Your answer must be the lines from the one containing "वजन घटाने में" through the last line of the records below, copied exactly, with the pictures left out.
⁂
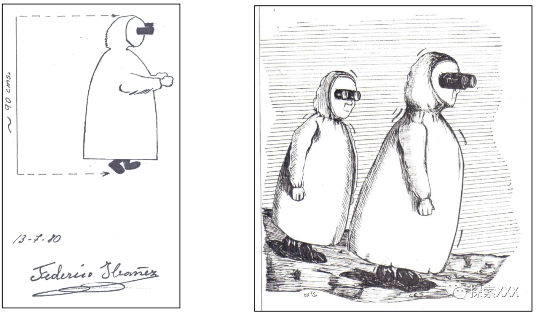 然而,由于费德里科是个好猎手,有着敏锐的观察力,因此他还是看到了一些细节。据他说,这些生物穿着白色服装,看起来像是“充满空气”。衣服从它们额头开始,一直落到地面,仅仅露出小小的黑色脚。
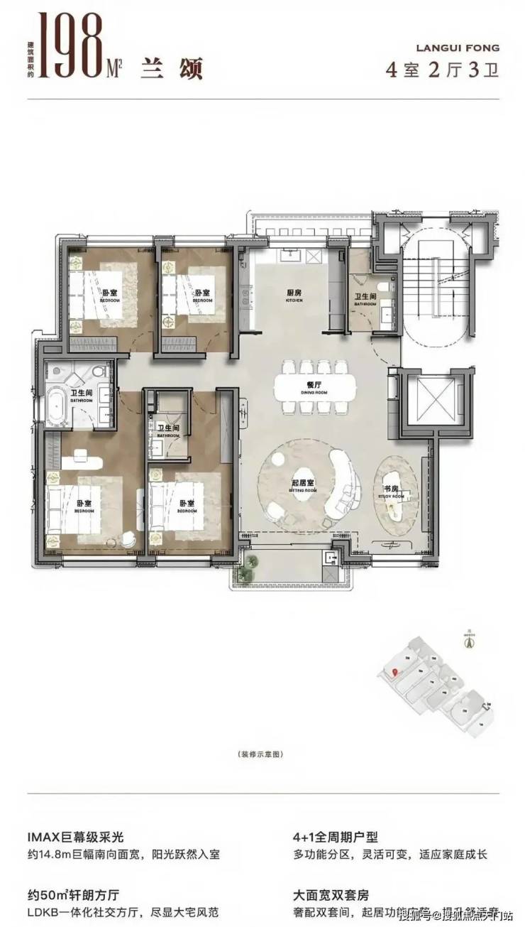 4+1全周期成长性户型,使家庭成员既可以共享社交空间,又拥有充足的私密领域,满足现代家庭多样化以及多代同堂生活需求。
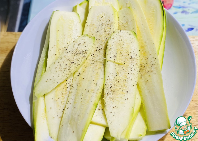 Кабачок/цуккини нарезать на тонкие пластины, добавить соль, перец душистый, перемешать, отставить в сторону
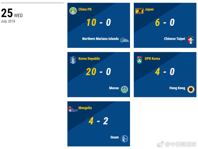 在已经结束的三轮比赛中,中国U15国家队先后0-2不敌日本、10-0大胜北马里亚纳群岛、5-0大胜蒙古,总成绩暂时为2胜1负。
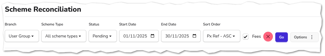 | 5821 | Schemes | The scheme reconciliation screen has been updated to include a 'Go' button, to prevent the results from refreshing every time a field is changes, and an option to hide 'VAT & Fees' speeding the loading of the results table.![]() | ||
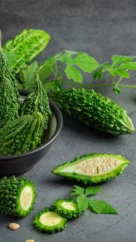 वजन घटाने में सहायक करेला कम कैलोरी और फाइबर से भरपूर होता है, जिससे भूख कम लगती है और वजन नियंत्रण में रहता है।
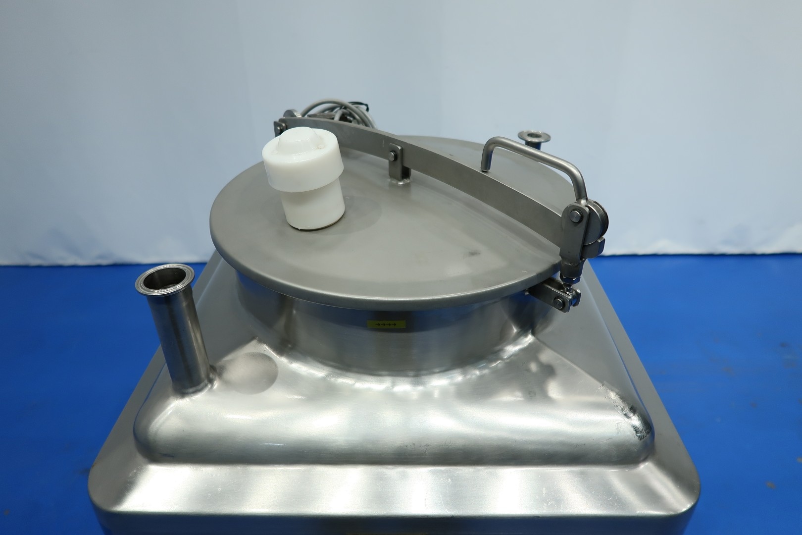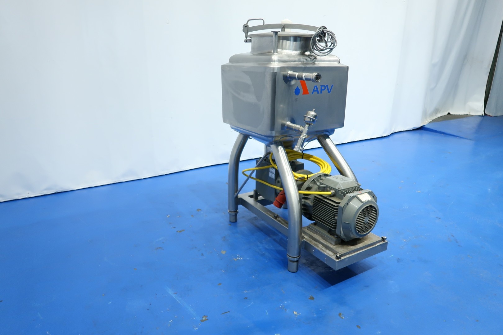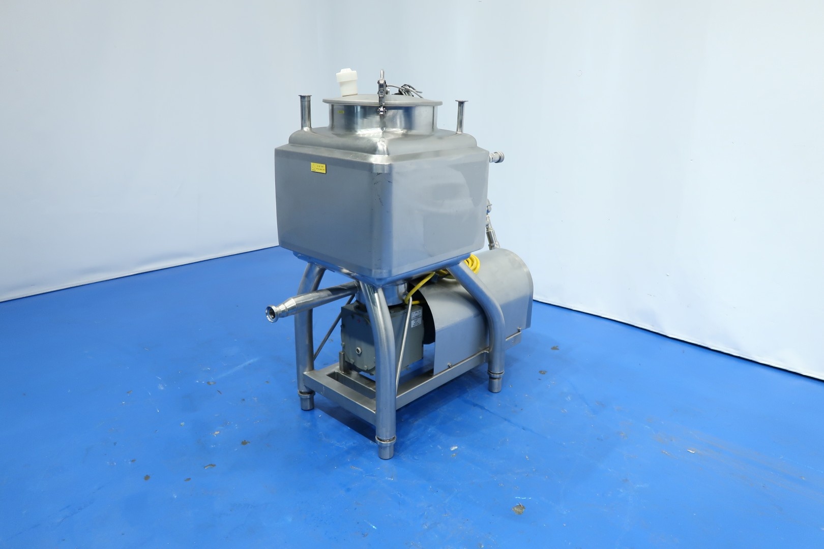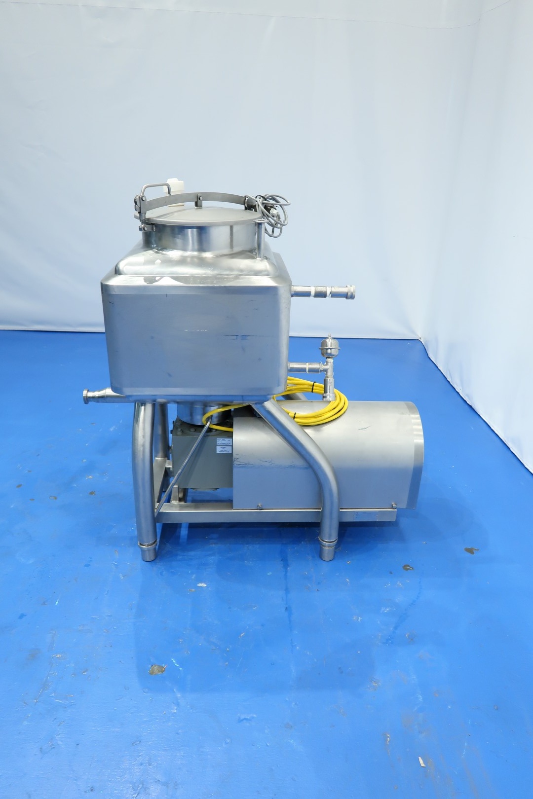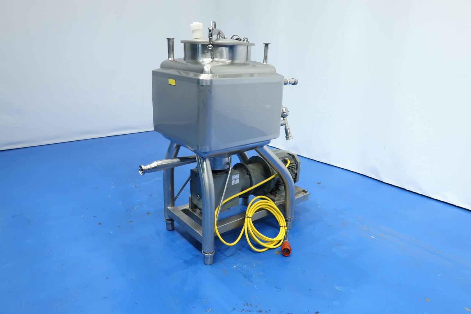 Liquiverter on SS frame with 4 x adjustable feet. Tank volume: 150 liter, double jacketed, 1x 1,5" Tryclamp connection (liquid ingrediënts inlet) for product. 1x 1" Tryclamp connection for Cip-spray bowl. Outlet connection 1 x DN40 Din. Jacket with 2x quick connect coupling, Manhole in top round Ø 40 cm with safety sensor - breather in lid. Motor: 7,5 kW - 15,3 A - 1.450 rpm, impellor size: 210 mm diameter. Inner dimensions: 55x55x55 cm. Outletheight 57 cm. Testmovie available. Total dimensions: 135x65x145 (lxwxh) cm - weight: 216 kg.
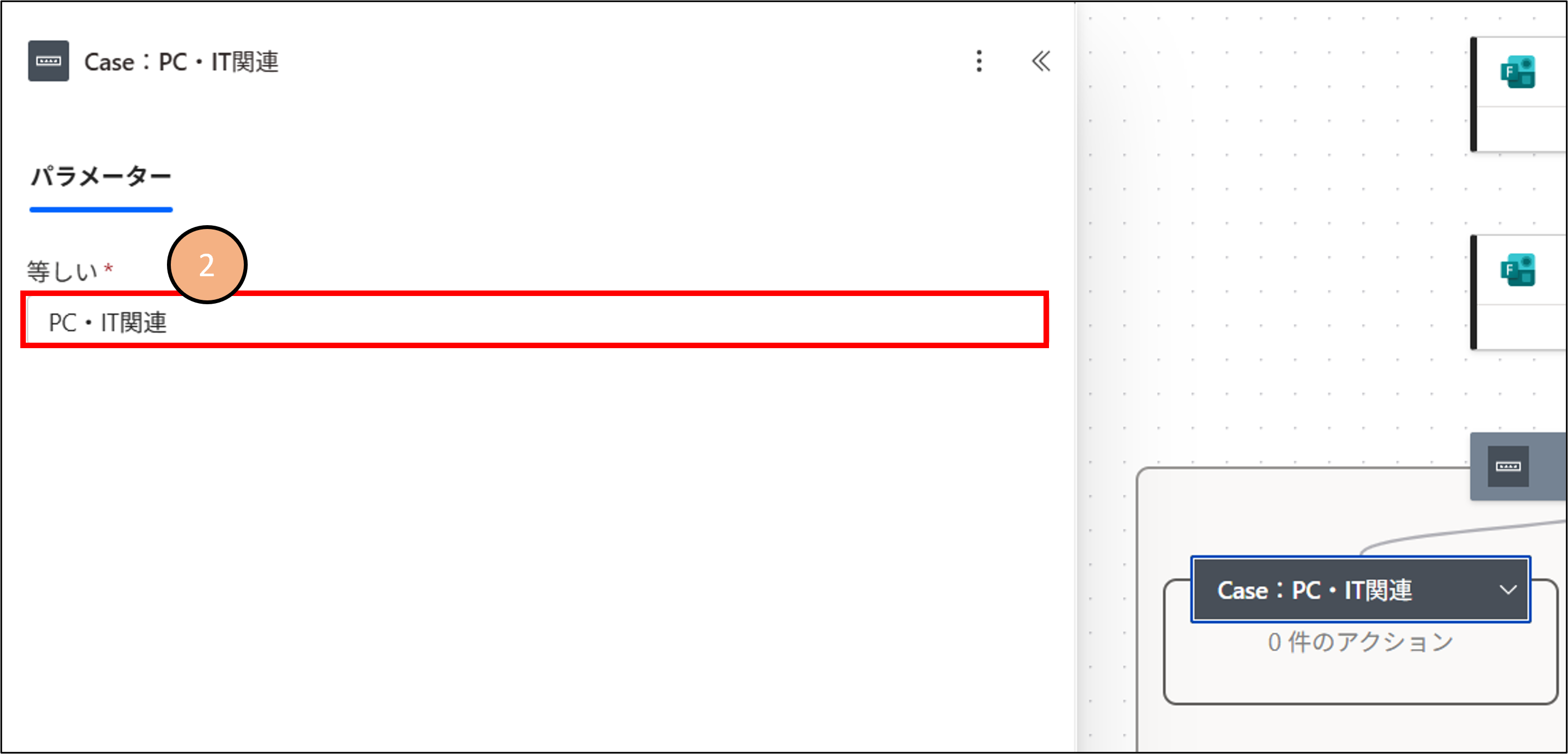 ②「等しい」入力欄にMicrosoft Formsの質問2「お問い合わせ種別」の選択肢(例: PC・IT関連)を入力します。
⁂
■ **Answer**:
 वजन घटाने में सहायक करेला कम कैलोरी और फाइबर से भरपूर होता है, जिससे भूख कम लगती है और वजन नियंत्रण में रहता है।
 Liquiverter on SS frame with 4 x adjustable feet. Tank volume: 150 liter, double jacketed, 1x 1,5" Tryclamp connection (liquid ingrediënts inlet) for product. 1x 1" Tryclamp connection for Cip-spray bowl. Outlet connection 1 x DN40 Din. Jacket with 2x quick connect coupling, Manhole in top round Ø 40 cm with safety sensor - breather in lid. Motor: 7,5 kW - 15,3 A - 1.450 rpm, impellor size: 210 mm diameter. Inner dimensions: 55x55x55 cm. Outletheight 57 cm. Testmovie available. Total dimensions: 135x65x145 (lxwxh) cm - weight: 216 kg.
 ②「等しい」入力欄にMicrosoft Formsの質問2「お問い合わせ種別」の選択肢(例: PC・IT関連)を入力します。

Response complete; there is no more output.